As soon as it was heard that Joseph Smith and a body of followers had gone armed into Daviess County to inquire about their friends, a committee of Ray County citizens came up to Far West to inquire into the reasons of such a movement. A meeting was called and a committee appointed to give the committee from Ray all the information required.

Joseph's movements were watched very closely. On the occasion of his returning from a visit to a company of saints camped on the forks of Grand River, between thirty and forty miles from Far West, he and the small company of brethren with him were chased some distance by a body of armed men, but they escaped.

It was reported that Joseph would not submit to civil process, that he defied the law. A charge had been trumped up in Daviess County against him, for going there in arms to inquire about the Gallatin election troubles, and on the morning of the 13th of August the sheriff of Daviess County and Judge Morin called upon Joseph and informed him that they had a writ for his arrest. Joseph expressed his willingness to be tried, but as the people of Daviess County were very much—though unjustly—exasperated at him, he wished to be tried in his own county, and the laws gave him that right. Upon this insistence the sheriff refused to serve the warrant, and he said he would see Judge King about it. Joseph agreed to remain at home until his return; which he did. On his return the sheriff informed the Prophet that he was out of his jurisdiction.

The excitement which had been aroused, however, could not be abated. On the contrary, it spread into surrounding counties and its intensity increased.

CHAPTER XXXV.

BOGGS IN ACTION—DEFENSE CONSTRUED INTO OFFENSE.

This excitement in Daviess and surrounding counties, and the Indian difficulties which were threatening about the same time, induced Governor Boggs [A] to send an order to Gen. David R. Atchison, third division of Missouri militia, ordering him to raise within the limits of his district, four hundred mounted men, armed and equipped as infantry or riflemen, to be held in readiness to quell disturbances arising either from the excitement concerning the "Mormon" troubles, or Indian outbreaks. This order was dated August 30, 1838.

[Footnote A: This was Lilburn W. Boggs who, during the troubles in Jackson County, was lieutenant-governor of the State, and who not only quietly looked on and saw the saints driven from their homes by mob violence, but secretly aided and encouraged the mob in its atrocities.]

In order to show his willingness to honor the law, Joseph, under the counsel of General Atchison, under whom and General Doniphan, Joseph and Sidney Rigdon were studying law, volunteered to be tried for going armed into Daviess County before the circuit judge, Austin A. King. The judge was notified of Joseph's action, and the place selected for trial was the house of a Brother Littlefield, about fifteen miles north of Far West, where the little village of Winston is now located.
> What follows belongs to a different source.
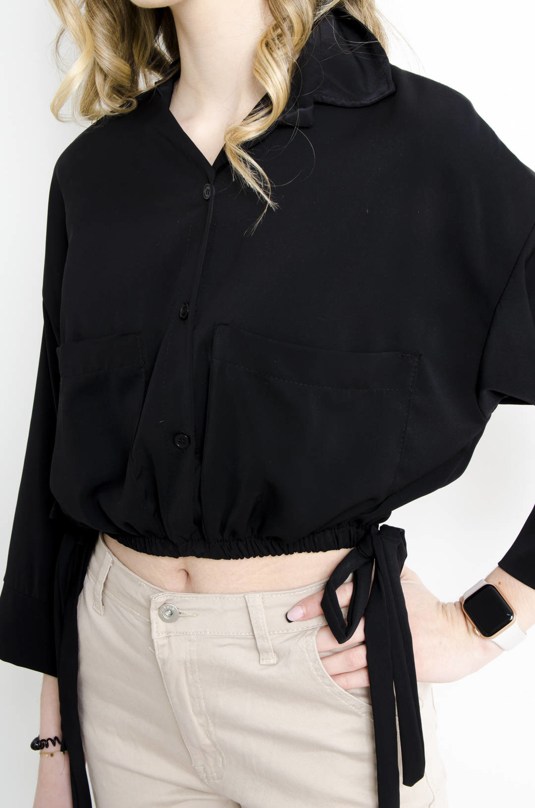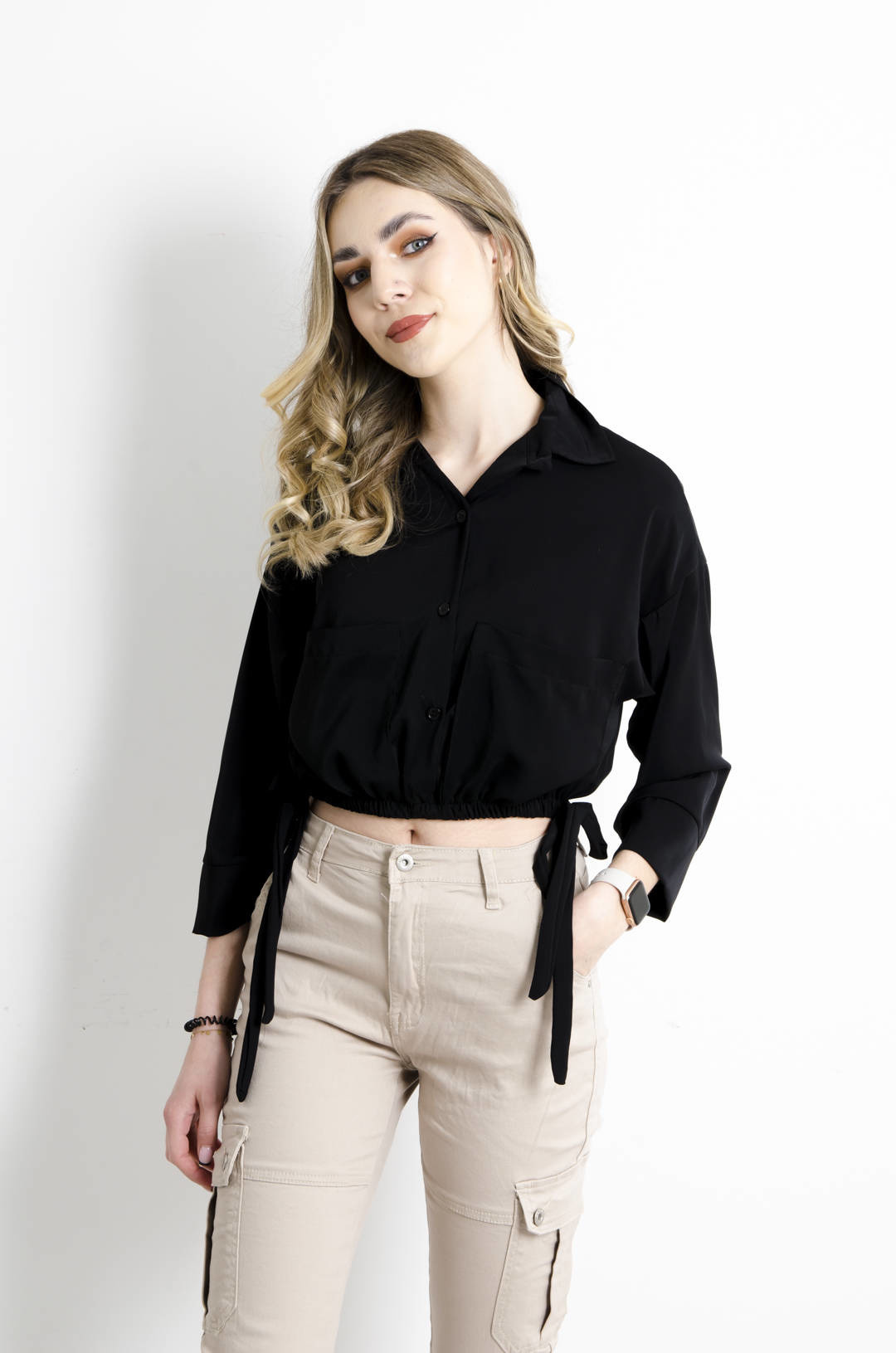 KOSZULA KRÓTKA ZE ŚCIĄGACZEM- CZARNA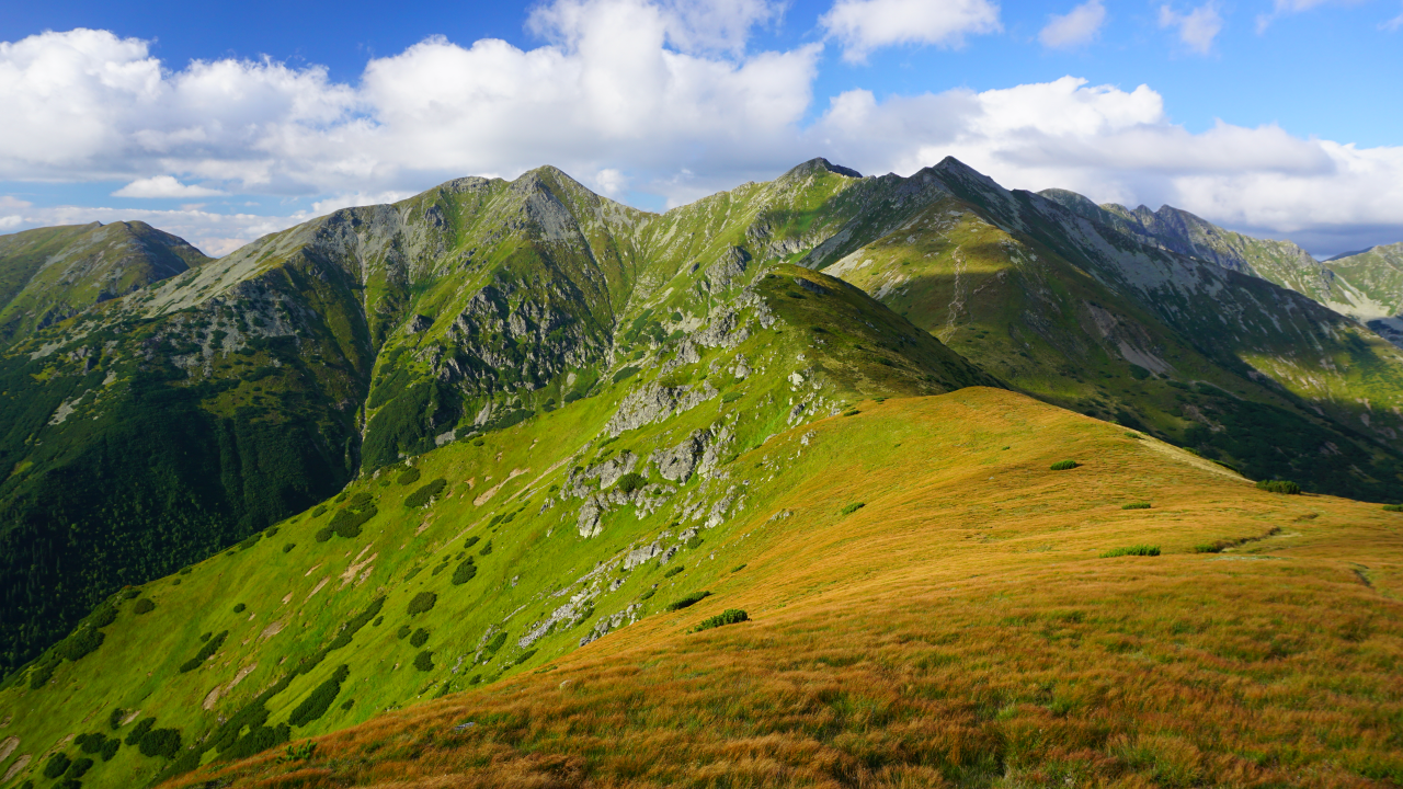 自然、风景、山、草、岩石、天空、云、阳光、田野

But as the plaintiff, Wm. P. Peniston, failed to put in an appearance, the trial was postponed until the next day, to take place at the house of a Mr. Raglin, one of the chief mobocrats. The result of the trial was that Joseph and Lyman Wight were bound over in a five hundred dollar bond to appear at the next session of the district court; though Judge King afterwards said nothing worthy of bonds had been proven against them.